Yea, I'd say that needs replacing.
You'll need to support the trans and remove the X member for better shifter access.
Having a lift makes it far easier, but if not get her up as high/safe as possible.


----------



## PontiacJim (Dec 29, 2012)

You should not have to drop the trans. I don't recall having to move the crossmember out of the way on any of the cars I pulled the shifter out of.

Put your trans mission in neutral. Pull the clips off the rods and let the linkage rods hang (sometimes I simply unbolt the linkage tabs/nuts that bolt to the trans shift forks rather than pull the spring clips on the shift linkage). There are 2 bolts at the shifter which attach it to the support plate attached to the trans. One long through bolt at the top of the shifter and one shorter at the bottom near the shifter linkages. If need be, you can easily remove the spring clips from the linkages at the shifter and remove them out of the way to give you a little more access.

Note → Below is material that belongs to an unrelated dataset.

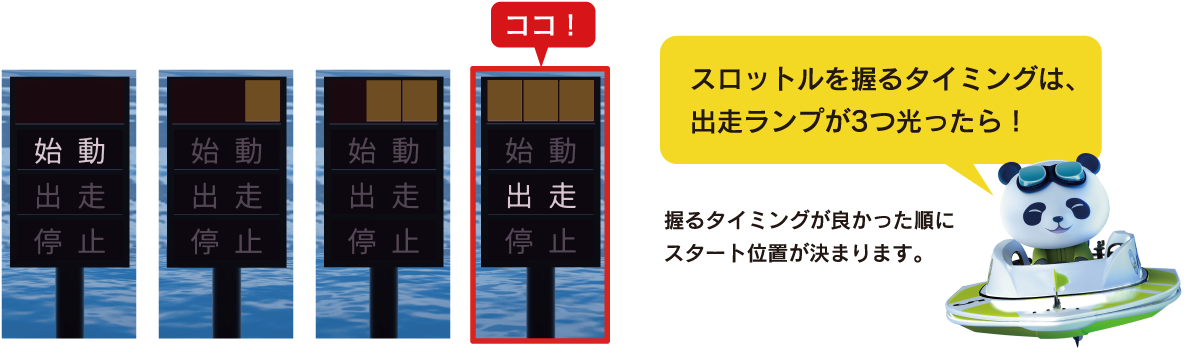 ターンする時は大きく体を左に傾けましょう。実際にレーサーがとる「モンキーターン」という姿勢が有効です!また、直線では姿勢を低くするとスピードアップします。
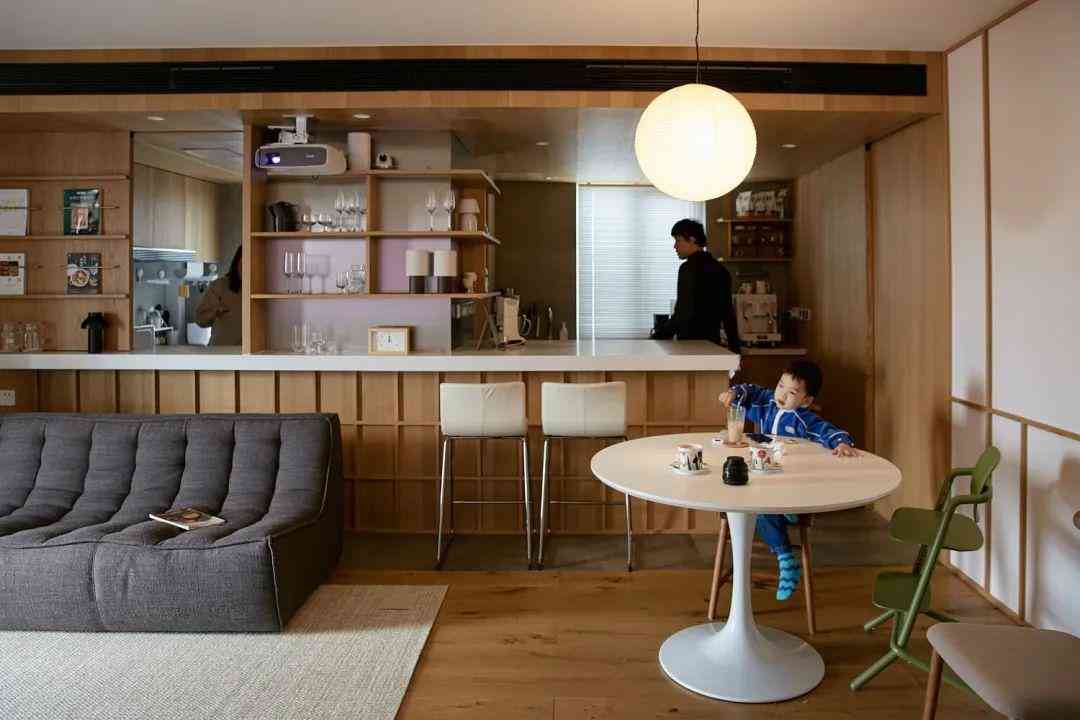 • 厨房开了一扇可以与客厅互动的“窗”,随时与客厅家人互动,避免孤单,照顾孩子也更安心;

My '68 Service Manual process for trans removal states to "Disconnect shift control rods from shifter levers. Remove two levers and bracket to extension support screws and remove manual shift lever and bracket." This is step 3, which is before trans removal, so you should not have to remove trans or unbolt it from the crossmember.


----------



## GTOJUNIOR (Aug 7, 2011)

True it can be done with X member in place, But IMO it's far easier to access, remove, Install and adjust with it out of the way.
I just support the trans remove the 6 bolts and slide to back. This really helps if you don't have a lift.


----------



## Geneman (Jan 21, 2017)

thank you all extremely helpful was able to get it out easily without pulling the crossmember. i dissassembled the whole shifter unit... and had the stick re-welded. now the challenge is to get the pieces back together in a functional way!..... does anyone know where an exploded diagram is for a standard OEM 4 spd hurst shifter? i searched and could not find thanks again this forum is amazing... frank


----------



## shader (Sep 7, 2016)

Attached is an exploded diagram of a 1966 OEM shifter. You might have to save it & then zoom in for more detail. The 64-66 Hurst OEM’s are the same. The diagram only shows the parts and not specifics for reassembly, so I hope you took notes and marked where stuff goes. The shifter levers have numbers on them & go in certain order, though you can figure that out from the diagram; the shifter plates must also be in the proper order by size.


----------